** INPUT RECORDS follows **
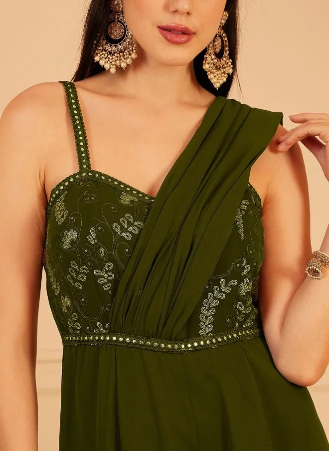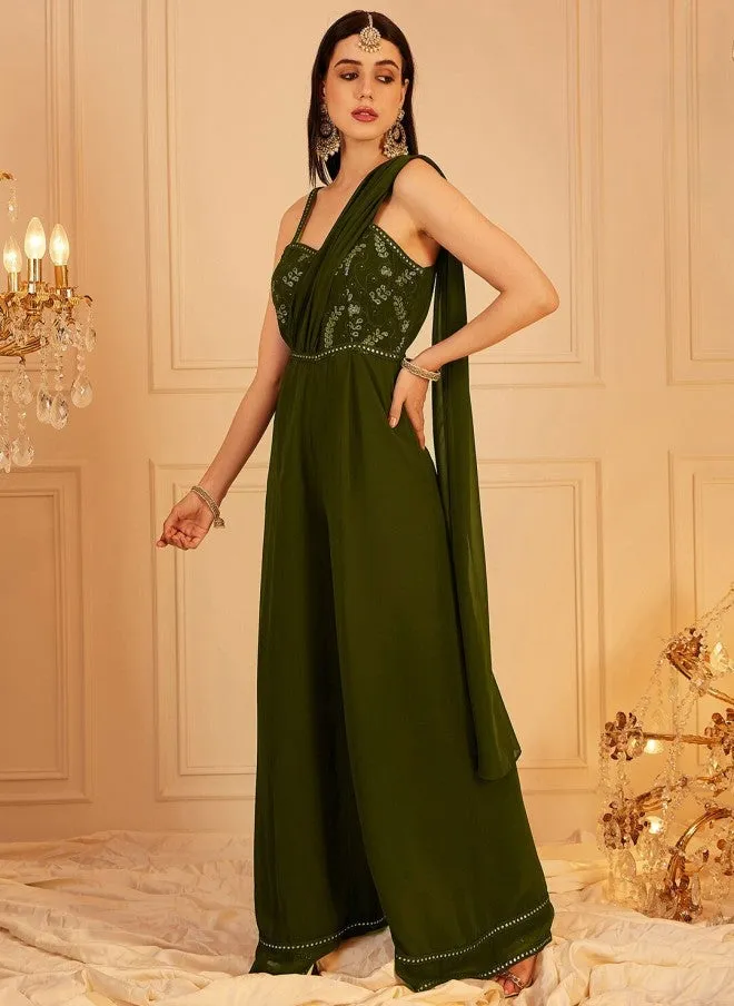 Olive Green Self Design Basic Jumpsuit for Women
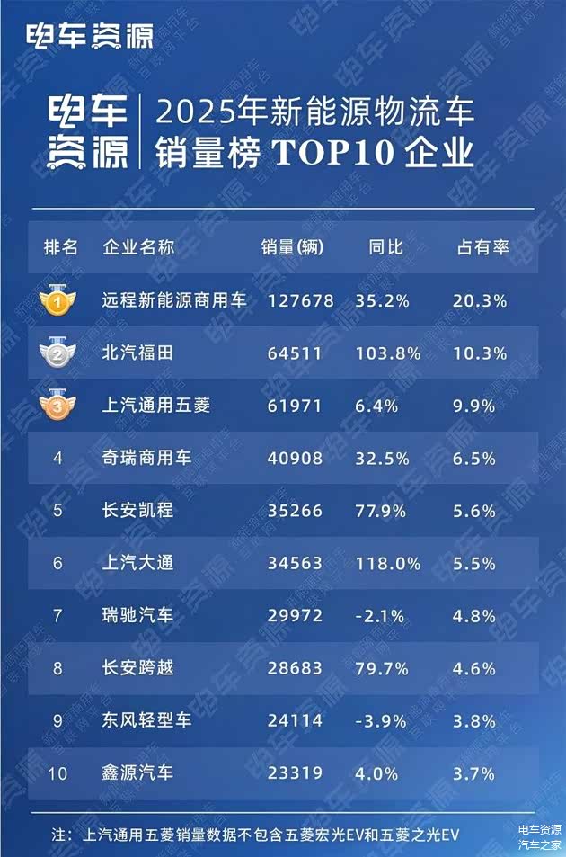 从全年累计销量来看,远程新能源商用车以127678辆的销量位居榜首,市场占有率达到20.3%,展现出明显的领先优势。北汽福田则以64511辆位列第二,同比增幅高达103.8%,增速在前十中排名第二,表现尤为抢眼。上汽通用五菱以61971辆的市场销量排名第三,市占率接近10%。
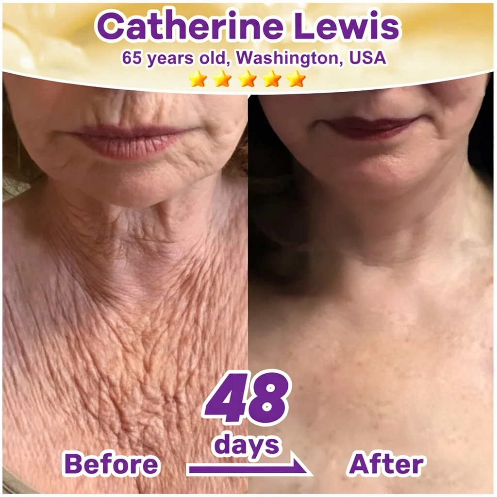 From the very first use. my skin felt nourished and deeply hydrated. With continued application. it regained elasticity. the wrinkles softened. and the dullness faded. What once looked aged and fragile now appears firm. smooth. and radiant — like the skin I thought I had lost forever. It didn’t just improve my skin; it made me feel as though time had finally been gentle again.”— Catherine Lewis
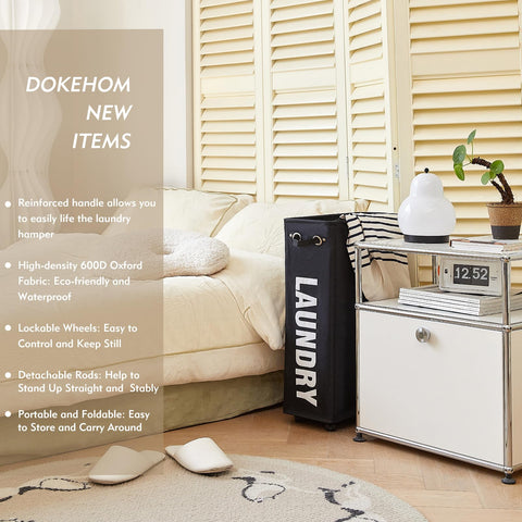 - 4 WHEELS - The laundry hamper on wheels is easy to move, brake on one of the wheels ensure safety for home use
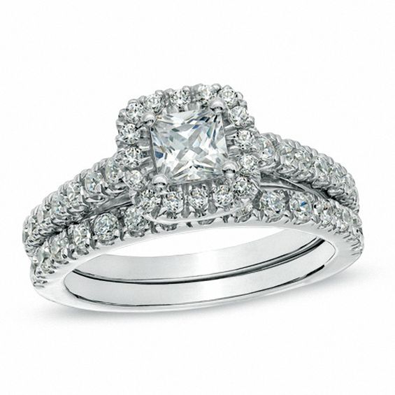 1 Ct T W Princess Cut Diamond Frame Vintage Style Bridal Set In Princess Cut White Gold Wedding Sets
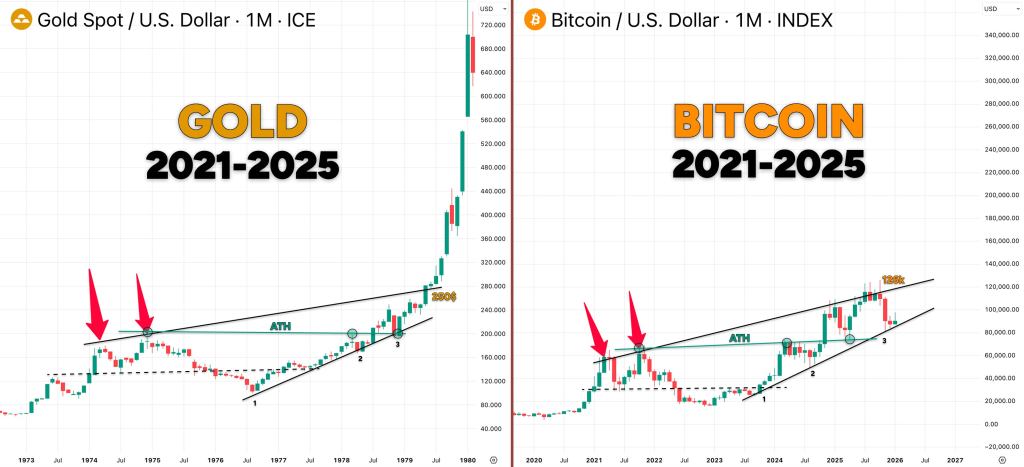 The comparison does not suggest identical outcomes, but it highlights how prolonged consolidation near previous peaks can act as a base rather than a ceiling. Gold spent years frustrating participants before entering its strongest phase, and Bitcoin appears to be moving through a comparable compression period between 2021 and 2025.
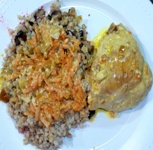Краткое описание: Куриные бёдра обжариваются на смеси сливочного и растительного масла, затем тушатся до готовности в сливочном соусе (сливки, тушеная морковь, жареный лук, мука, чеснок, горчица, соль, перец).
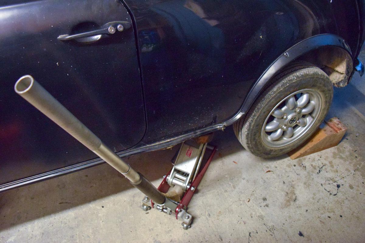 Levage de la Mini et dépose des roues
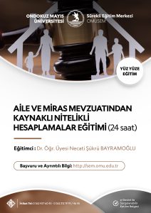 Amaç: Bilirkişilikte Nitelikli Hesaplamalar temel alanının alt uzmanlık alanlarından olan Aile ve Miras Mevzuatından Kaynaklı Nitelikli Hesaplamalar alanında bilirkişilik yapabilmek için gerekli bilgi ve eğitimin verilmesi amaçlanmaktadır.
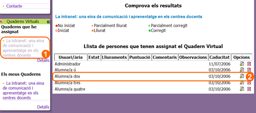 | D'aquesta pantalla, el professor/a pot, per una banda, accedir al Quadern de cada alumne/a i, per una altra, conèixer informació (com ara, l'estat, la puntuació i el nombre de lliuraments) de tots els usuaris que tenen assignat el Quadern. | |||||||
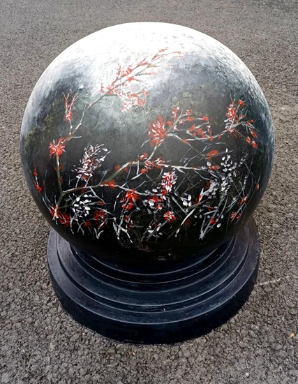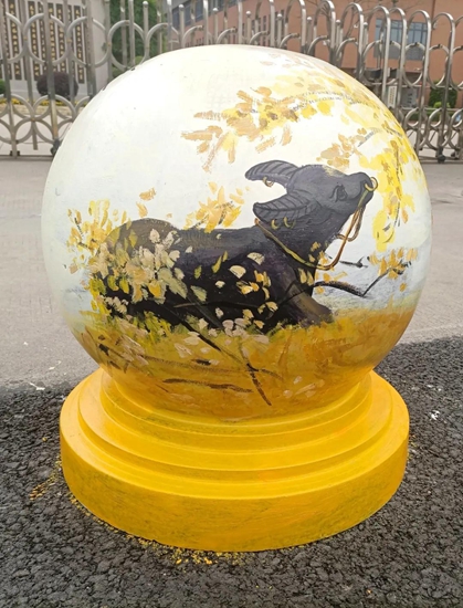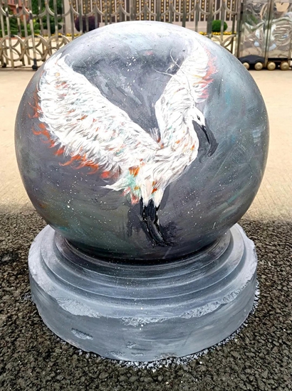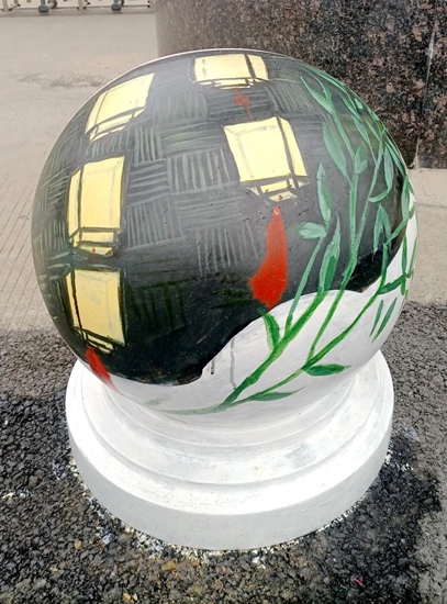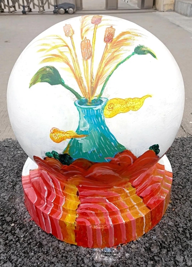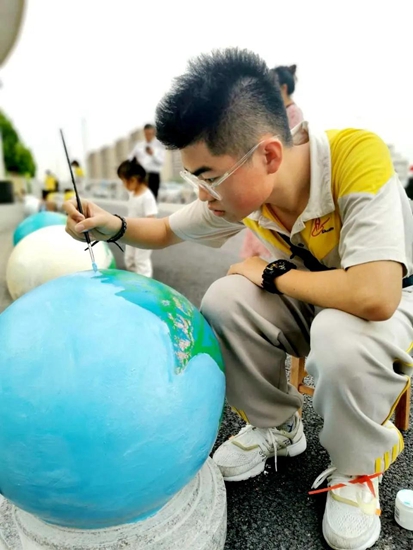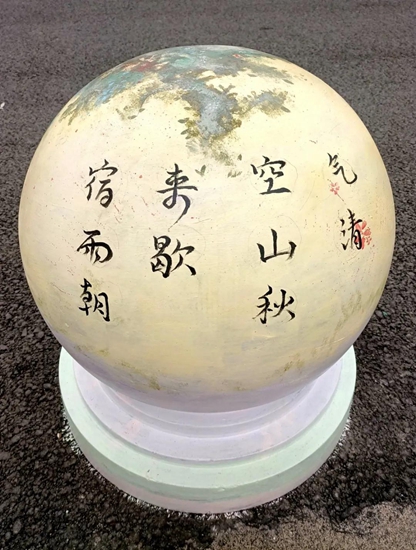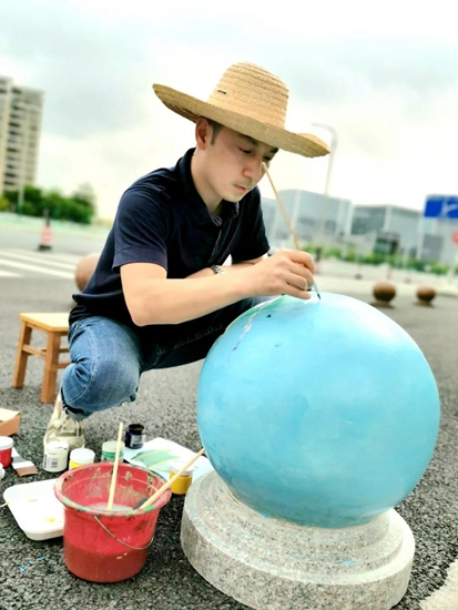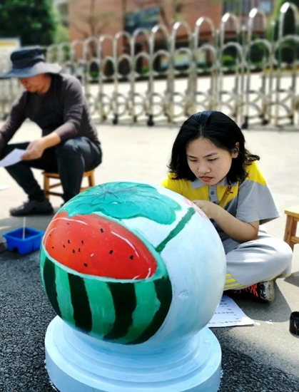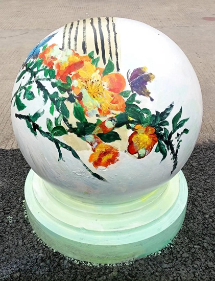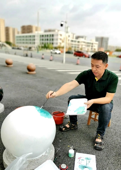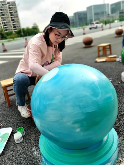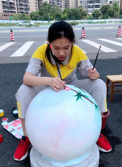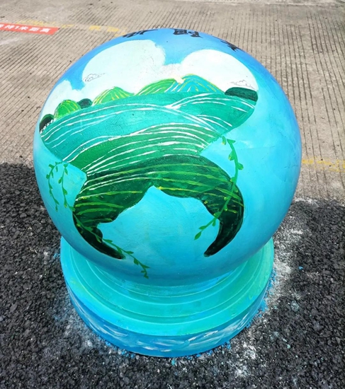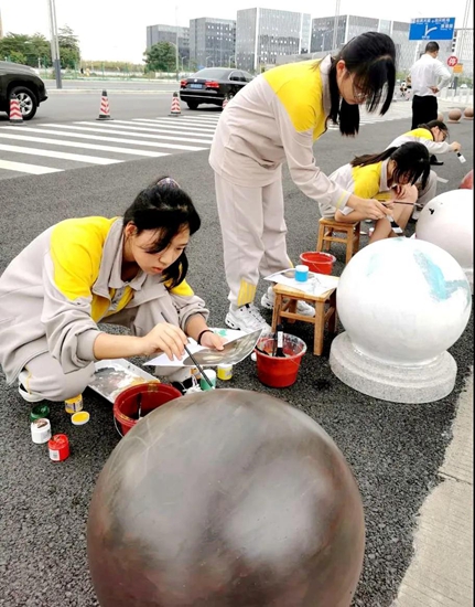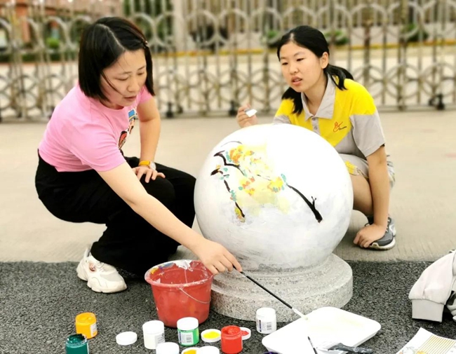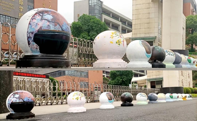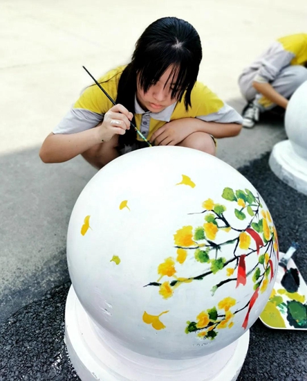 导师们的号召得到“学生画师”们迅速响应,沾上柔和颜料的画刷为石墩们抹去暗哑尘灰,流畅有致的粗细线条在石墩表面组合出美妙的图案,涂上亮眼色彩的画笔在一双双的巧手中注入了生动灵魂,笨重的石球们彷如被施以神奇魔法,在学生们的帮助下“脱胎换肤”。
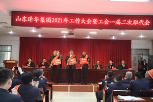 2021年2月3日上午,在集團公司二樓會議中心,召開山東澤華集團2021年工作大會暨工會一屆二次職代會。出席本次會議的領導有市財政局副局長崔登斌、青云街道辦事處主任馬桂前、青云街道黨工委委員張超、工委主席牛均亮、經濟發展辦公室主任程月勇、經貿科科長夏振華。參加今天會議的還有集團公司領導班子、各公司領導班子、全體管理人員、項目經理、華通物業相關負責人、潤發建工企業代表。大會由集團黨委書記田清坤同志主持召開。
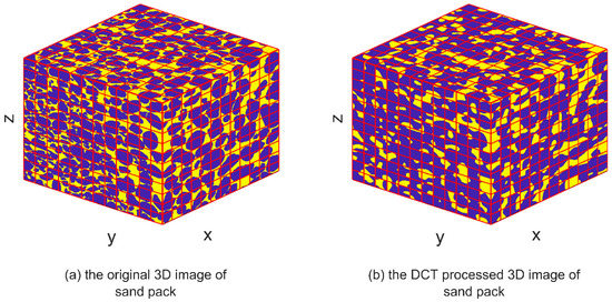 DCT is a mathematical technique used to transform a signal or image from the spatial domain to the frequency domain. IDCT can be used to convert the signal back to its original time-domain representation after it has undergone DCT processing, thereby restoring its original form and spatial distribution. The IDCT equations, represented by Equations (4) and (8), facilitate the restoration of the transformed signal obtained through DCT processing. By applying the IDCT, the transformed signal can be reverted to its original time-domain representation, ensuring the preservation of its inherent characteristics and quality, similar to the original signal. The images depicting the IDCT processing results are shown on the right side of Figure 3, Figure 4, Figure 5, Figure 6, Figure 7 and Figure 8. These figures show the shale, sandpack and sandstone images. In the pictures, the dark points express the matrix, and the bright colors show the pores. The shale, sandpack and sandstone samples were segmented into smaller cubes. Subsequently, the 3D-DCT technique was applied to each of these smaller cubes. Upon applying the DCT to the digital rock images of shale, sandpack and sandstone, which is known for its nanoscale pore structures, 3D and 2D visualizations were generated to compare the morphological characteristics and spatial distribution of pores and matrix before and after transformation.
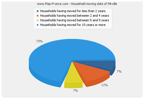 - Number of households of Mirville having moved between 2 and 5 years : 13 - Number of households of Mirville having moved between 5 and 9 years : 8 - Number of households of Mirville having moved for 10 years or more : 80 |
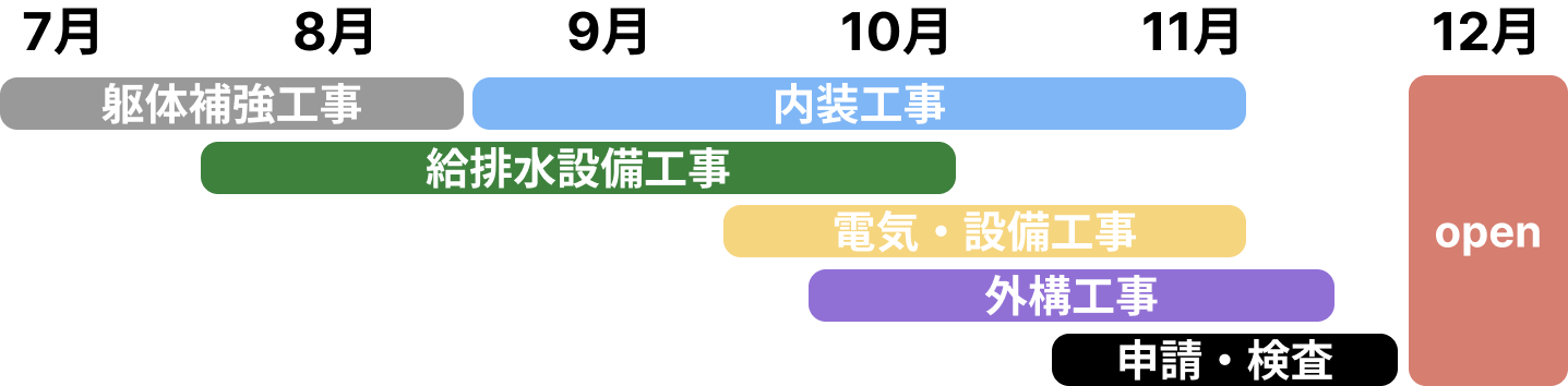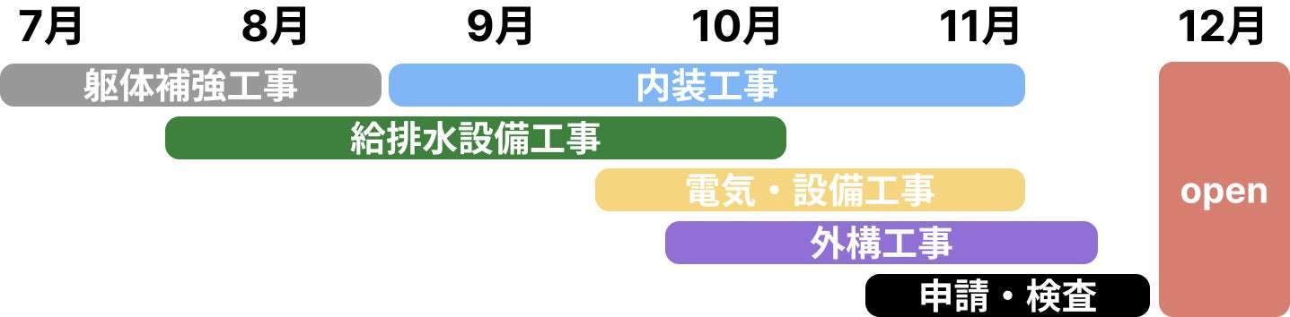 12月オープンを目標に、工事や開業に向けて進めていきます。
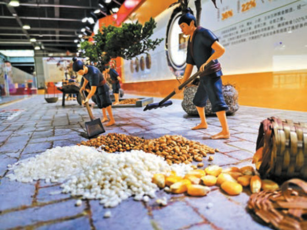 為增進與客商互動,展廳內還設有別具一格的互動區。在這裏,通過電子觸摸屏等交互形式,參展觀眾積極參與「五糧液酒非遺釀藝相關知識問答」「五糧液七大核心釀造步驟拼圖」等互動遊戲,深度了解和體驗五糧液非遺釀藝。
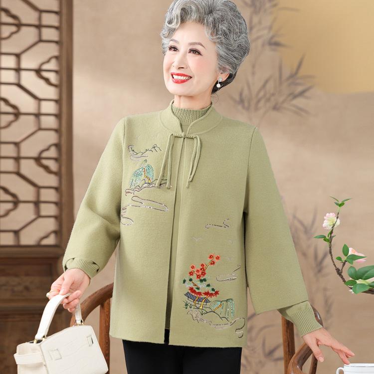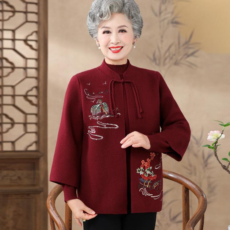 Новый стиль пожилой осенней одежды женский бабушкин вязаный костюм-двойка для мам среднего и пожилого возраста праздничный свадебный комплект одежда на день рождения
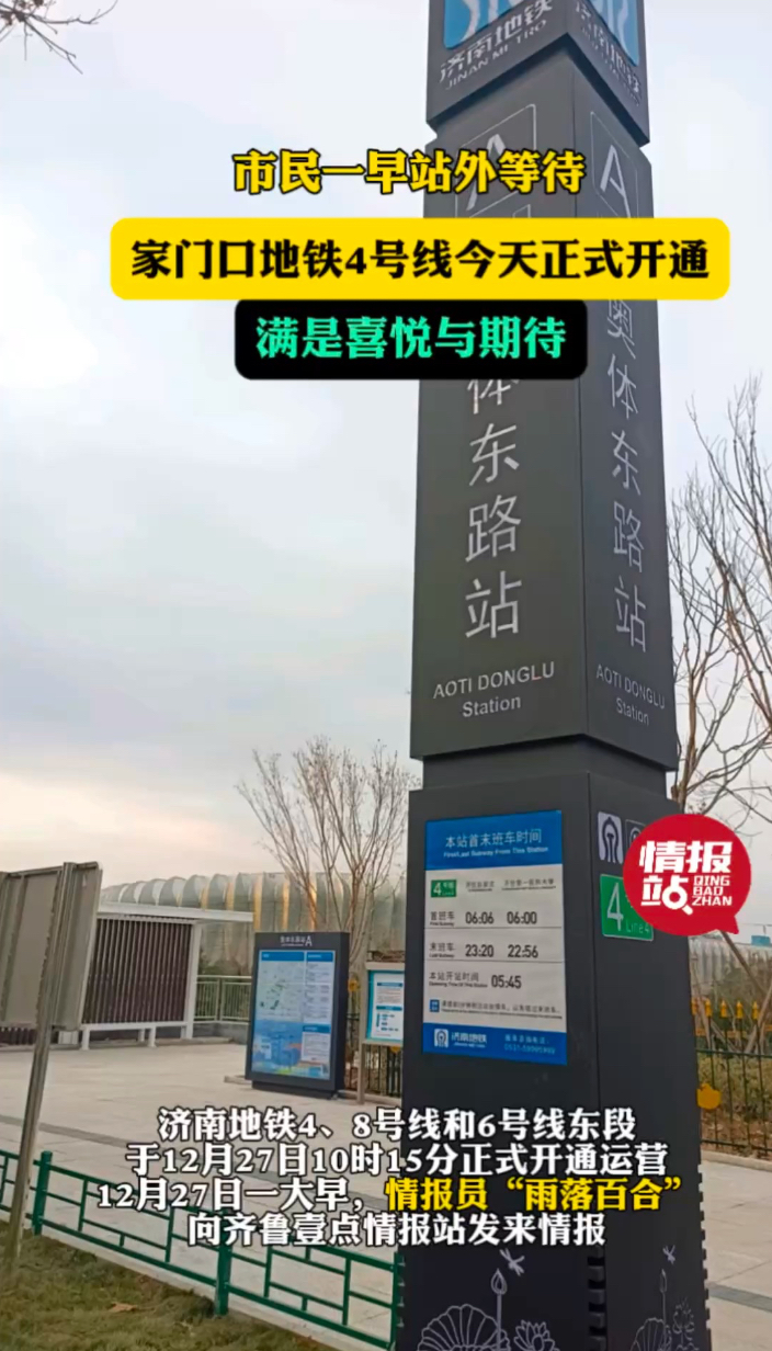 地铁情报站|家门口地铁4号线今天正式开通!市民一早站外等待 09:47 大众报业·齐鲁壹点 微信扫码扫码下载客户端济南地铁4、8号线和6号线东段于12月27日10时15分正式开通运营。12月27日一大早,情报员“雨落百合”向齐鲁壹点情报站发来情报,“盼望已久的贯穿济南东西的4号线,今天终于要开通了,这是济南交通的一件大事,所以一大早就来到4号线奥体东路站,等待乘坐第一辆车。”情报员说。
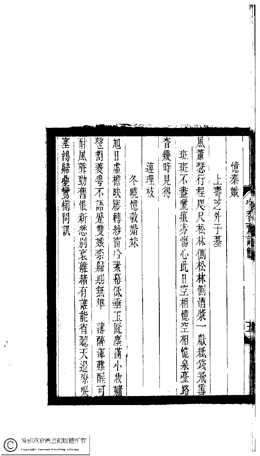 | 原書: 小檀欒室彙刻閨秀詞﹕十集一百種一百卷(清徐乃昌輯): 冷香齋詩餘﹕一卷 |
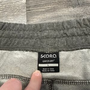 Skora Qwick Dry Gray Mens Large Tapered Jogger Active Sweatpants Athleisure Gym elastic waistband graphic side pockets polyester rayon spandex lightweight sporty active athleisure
** End of INPUT RECORDS **
Your answer must be the lines from the one containing "Новый стиль пожилой" through the last line of the records, copied exactly, with no pictures.

ANSWER SPACE -
 Новый стиль пожилой осенней одежды женский бабушкин вязаный костюм-двойка для мам среднего и пожилого возраста праздничный свадебный комплект одежда на день рождения
 地铁情报站|家门口地铁4号线今天正式开通!市民一早站外等待 09:47 大众报业·齐鲁壹点 微信扫码扫码下载客户端济南地铁4、8号线和6号线东段于12月27日10时15分正式开通运营。12月27日一大早,情报员“雨落百合”向齐鲁壹点情报站发来情报,“盼望已久的贯穿济南东西的4号线,今天终于要开通了,这是济南交通的一件大事,所以一大早就来到4号线奥体东路站,等待乘坐第一辆车。”情报员说。
 | 原書: 小檀欒室彙刻閨秀詞﹕十集一百種一百卷(清徐乃昌輯): 冷香齋詩餘﹕一卷 |
 Skora Qwick Dry Gray Mens Large Tapered Jogger Active Sweatpants Athleisure Gym elastic waistband graphic side pockets polyester rayon spandex lightweight sporty active athleisure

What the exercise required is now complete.